Return the listing exactly, please; no pictures.

• AVAILABLE DATA:
- Opening Delimiter -
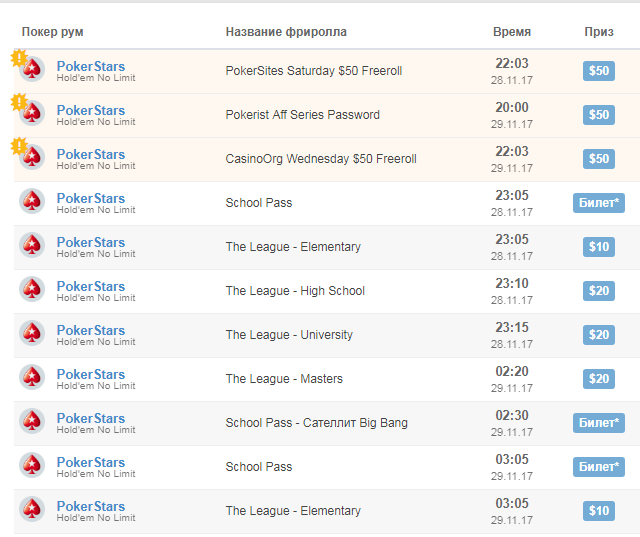PokerStars. Для тех покеристов, которые находятся в поисках покер румов с фрироллами каждый час, лучшим выбором станет лидер мирового онлайн покера. В комнате очень насыщенный график событий без бай-ина для всех категорий игроков: от недавно прошедших регистрацию новичков, до профессионалов, обращающих внимание только на события с солидным вознаграждением.
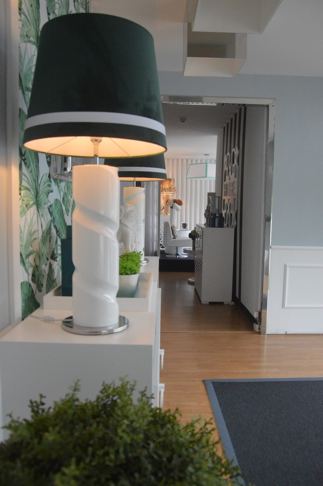 Como o prometido é devido...aqui fica o ambiente do hall de entrada do nosso showroom. Ora venham espreitar.  Como podem ver na imagem, temos três candeeiros de tecto em inox e madeira lacada, que fizemos à medida do espaço.
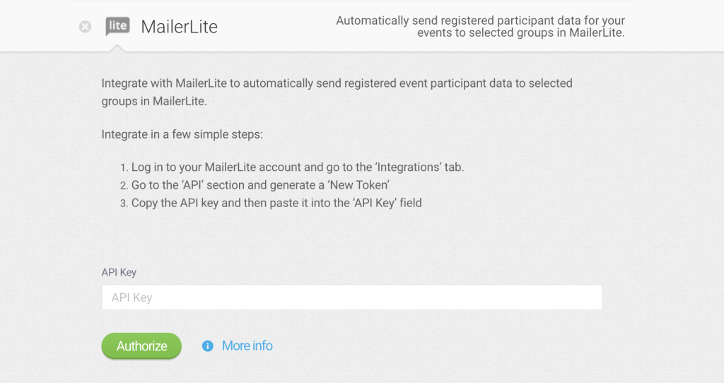 Select the Integrations tab. Choose MailerLite from the list of available integrations, paste the copied API key, and click Authorize.
- Closing Delimiter -
• SOLUTION TO THIS TASK:
PokerStars. Для тех покеристов, которые находятся в поисках покер румов с фрироллами каждый час, лучшим выбором станет лидер мирового онлайн покера. В комнате очень насыщенный график событий без бай-ина для всех категорий игроков: от недавно прошедших регистрацию новичков, до профессионалов, обращающих внимание только на события с солидным вознаграждением.
 Como o prometido é devido...aqui fica o ambiente do hall de entrada do nosso showroom. Ora venham espreitar.  Como podem ver na imagem, temos três candeeiros de tecto em inox e madeira lacada, que fizemos à medida do espaço.
 Select the Integrations tab. Choose MailerLite from the list of available integrations, paste the copied API key, and click Authorize.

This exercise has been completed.